What is required :: In the listing that follows, find the line with "Selling a 2002", then copy exactly from it through the line with "91 | Жүктеу |", leaving out every picture.

Material supplied ::
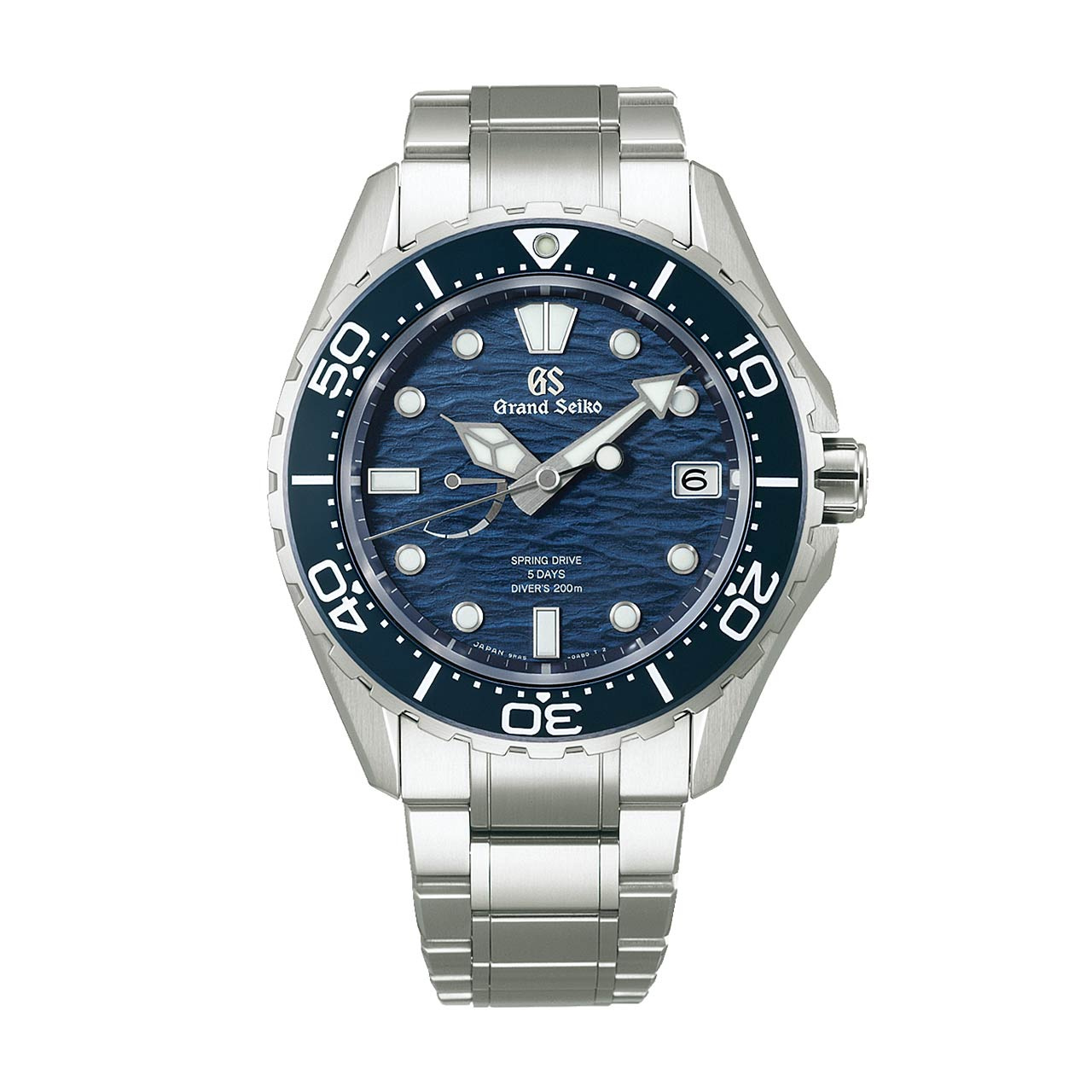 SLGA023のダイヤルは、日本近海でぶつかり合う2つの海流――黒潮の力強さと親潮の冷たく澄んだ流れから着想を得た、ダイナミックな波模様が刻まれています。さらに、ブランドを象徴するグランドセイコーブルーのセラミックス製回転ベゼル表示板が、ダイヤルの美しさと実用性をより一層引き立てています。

...

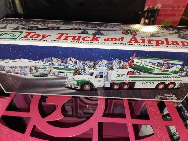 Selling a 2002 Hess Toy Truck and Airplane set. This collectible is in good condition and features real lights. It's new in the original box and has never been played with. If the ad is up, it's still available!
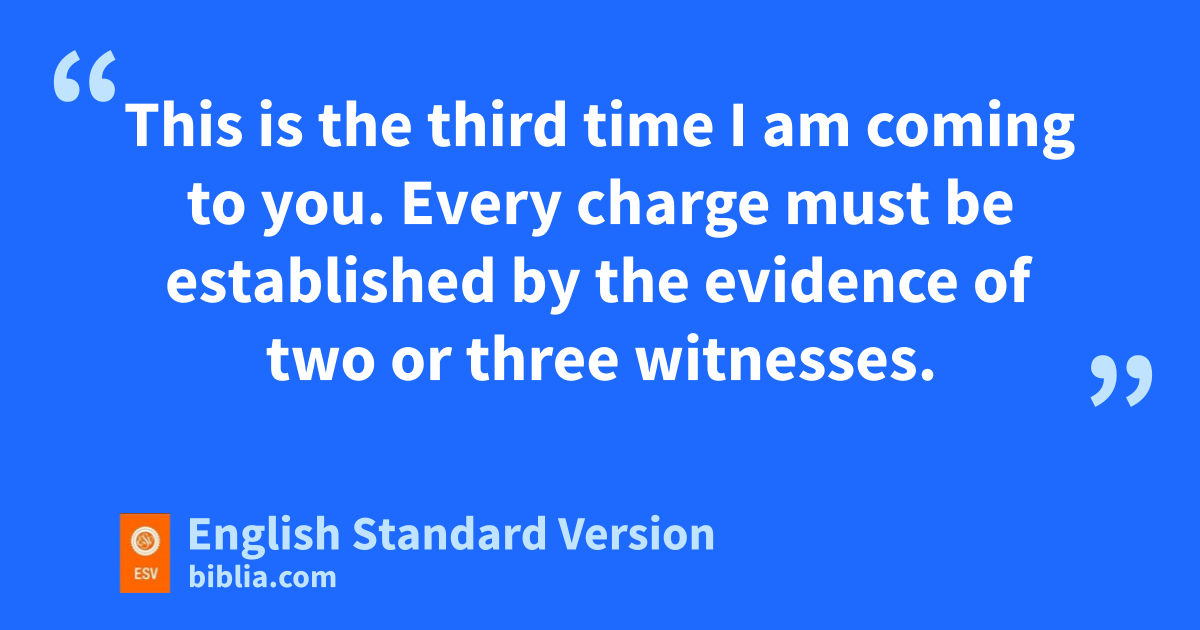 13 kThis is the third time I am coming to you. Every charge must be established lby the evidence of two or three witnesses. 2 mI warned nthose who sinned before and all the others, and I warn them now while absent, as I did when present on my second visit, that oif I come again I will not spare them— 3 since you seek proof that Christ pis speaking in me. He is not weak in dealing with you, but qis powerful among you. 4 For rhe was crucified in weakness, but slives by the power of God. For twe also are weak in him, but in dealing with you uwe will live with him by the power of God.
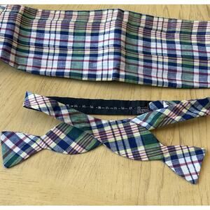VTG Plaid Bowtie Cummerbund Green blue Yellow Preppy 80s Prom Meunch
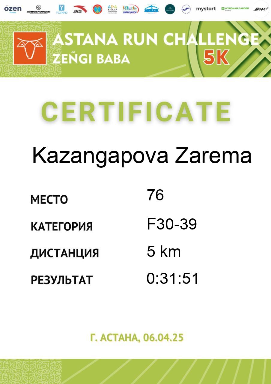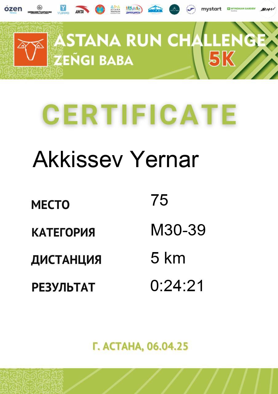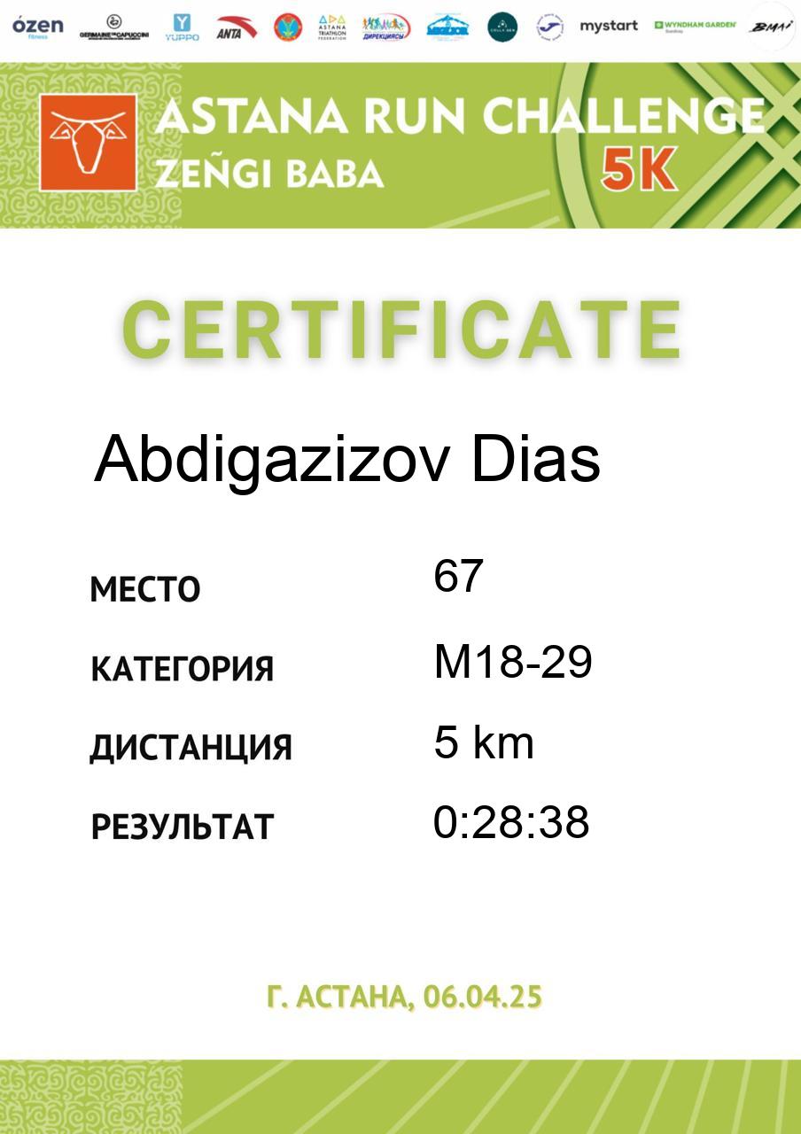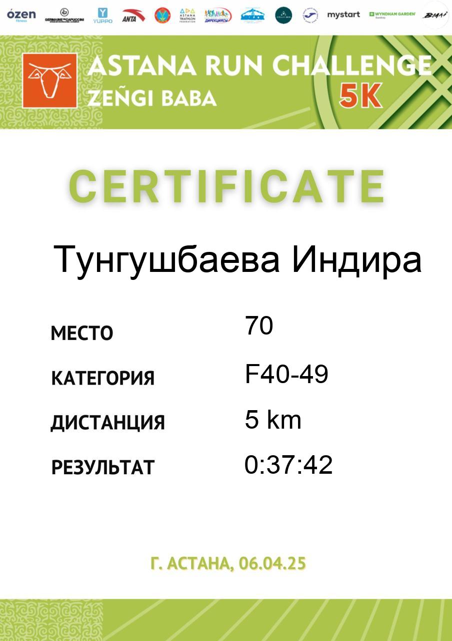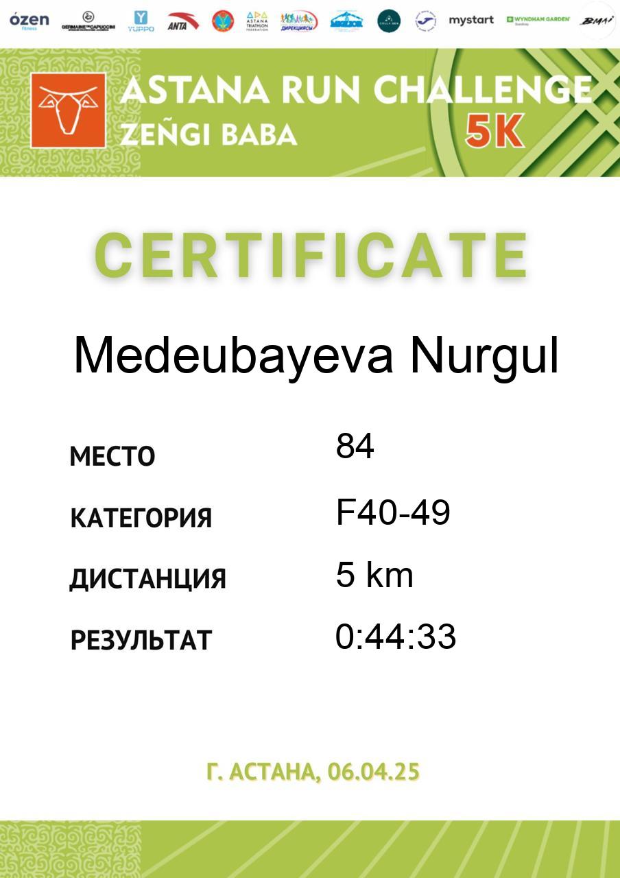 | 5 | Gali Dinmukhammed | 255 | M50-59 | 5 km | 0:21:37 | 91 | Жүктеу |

Response to the exercise ::
 Selling a 2002 Hess Toy Truck and Airplane set. This collectible is in good condition and features real lights. It's new in the original box and has never been played with. If the ad is up, it's still available!
 13 kThis is the third time I am coming to you. Every charge must be established lby the evidence of two or three witnesses. 2 mI warned nthose who sinned before and all the others, and I warn them now while absent, as I did when present on my second visit, that oif I come again I will not spare them— 3 since you seek proof that Christ pis speaking in me. He is not weak in dealing with you, but qis powerful among you. 4 For rhe was crucified in weakness, but slives by the power of God. For twe also are weak in him, but in dealing with you uwe will live with him by the power of God.
VTG Plaid Bowtie Cummerbund Green blue Yellow Preppy 80s Prom Meunch
 | 5 | Gali Dinmukhammed | 255 | M50-59 | 5 km | 0:21:37 | 91 | Жүктеу |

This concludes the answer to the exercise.